John L. Bell Biographical Information
JOHN L BELL…is a native of Kilmarnock (Scotland), living in Glasgow, where he works with his colleagues in the areas of music, worship and spirituality, as a Resource Worker for the Wild Goose Resource Group. He is a hymn writer, author and occasional broadcaster on national radio and television, but retains a primary passion for congregational song. He lectures, preaches and conducts seminars across the denominations in Europe, the Americas, Asia, and in Southern Africa. John Bell studied Arts and Theology. After spells of voluntary work in London and Amsterdam, and engagements in student politics, he was ordained by the Church of Scotland. For ten years he worked in youth ministry before transferring to concentrate on music and worship. He and the work he shares with his colleagues has been honored by the Royal School of Church Music, the Hymn Society in the US & Canada, and the University of Glasgow, the first and second of which bestowed on him the status of Fellowship, the third a Doctorate.

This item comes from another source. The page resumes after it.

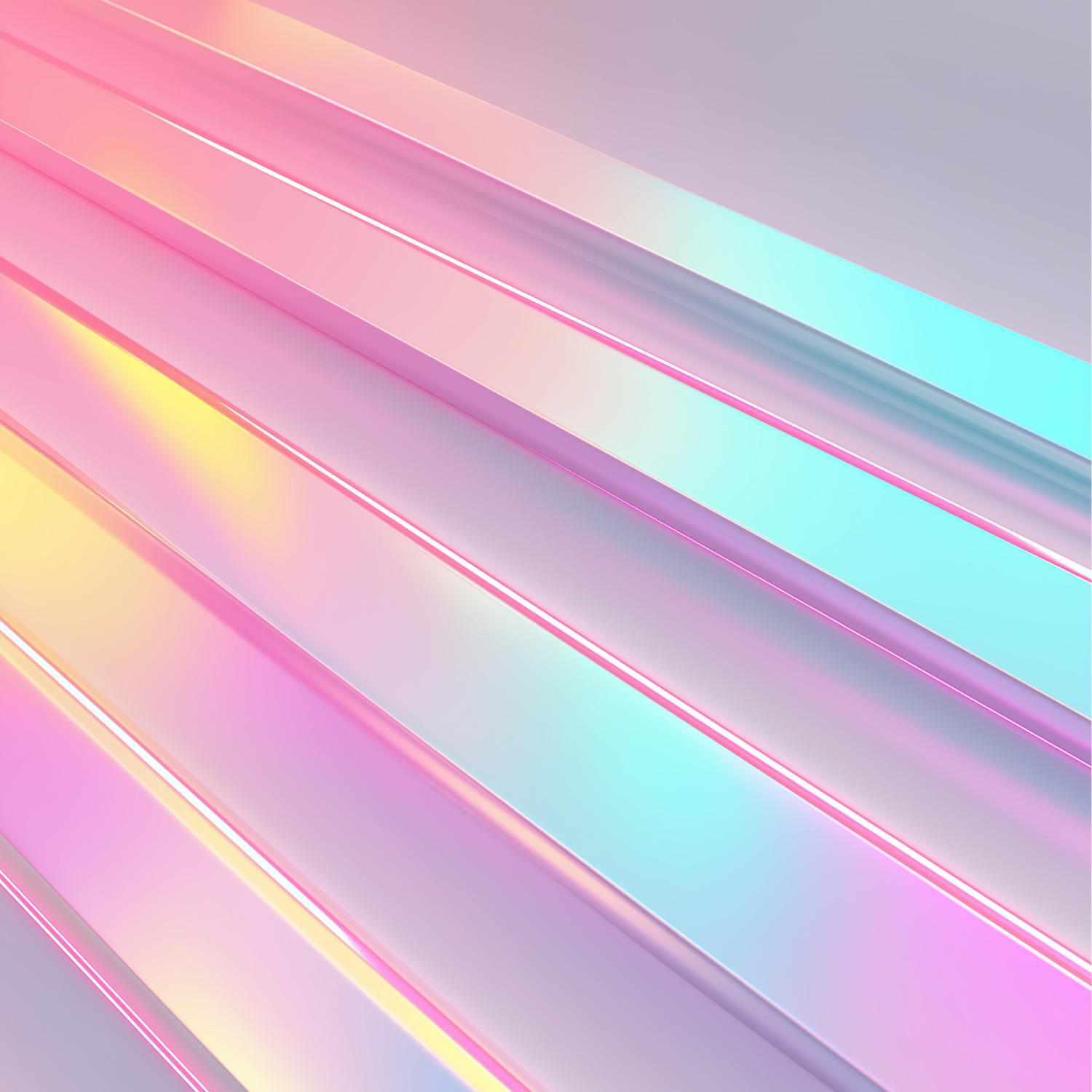 Abstract pastel gradient with glossy diagonal lines in pink, blue, and yellow tones, creating a dreamy and futuristic aesthetic.

THE WILD GOOSE RESOURCE GROUP…is a semi-autonomous project of The Iona Community and an expression of its commitment to the renewal of music and worship, consisting of John Bell, Graham Maule and Jo Love (Resource Workers), and administrative staff, based in the Community’s Glasgow office. For over 25 years, the Group has been engaged at local, national and international levels, enabling lay and ordained leadership. In association with colleagues and friends, the Group has produced a large range of music books, CDs and resources for worship which are published throughout the English speaking world, with some materials available in several European and Asian languages. For further information, please see: www.wgrg.co.uk
THE IONA COMMUNITY…is an association of men and women, lay and ordained, fully ecumenical in membership, committed to the renewal of the Church and Society. The members, around 270 in number, keep a rule of faith which concerns their prayer life, time, money, engagement in promotion of social and international justice, and which requires them to meet regularly in regional or plenary gatherings throughout Britain. Begun in 1938 by (Lord) George MacLeod, a Presbyterian minister, the Community has had a catalyst effect within Britain in the areas of peacemaking, ecumenism, justice and liturgy. Only a few members live on Iona, as members of the Resident Group. Others, married and single, have their own secular jobs which range from retired miner to cathedral musician. The work of the Community is supported by over 2500 associates & friends who live worldwide. None of the members are monks or nuns, nor are any required to be aficionados of Gregorian Chant or experts in Celtic Spirituality.
THE ISLAND OF IONA…is a small island (3 x 1.5 miles) off the West Coast of Scotland. It was there that St. Columba landed in 563 to begin a mission which evangelized much of Scotland and initiated a much larger process of evangelization which had an effect throughout the British Isles and onto the continent of Europe. The Celtic witness in Iona diminished towards the end of the first millennium. The primitive Columban settlement was replaced by a Benedictine Abbey including a small Cathedral Church. The buildings were destroyed in the 16th Century by Presbyterian reformers and lay in ruins until, in the late 19th century, the landlord, the Duke of Argyll, substantially rebuilt the cathedral, designating it as a place of worship for all Christians. The rebuilding of the monastic ruins of the Abbey marked the inception of the Iona Community. For further information, please see www.iona.org.uk.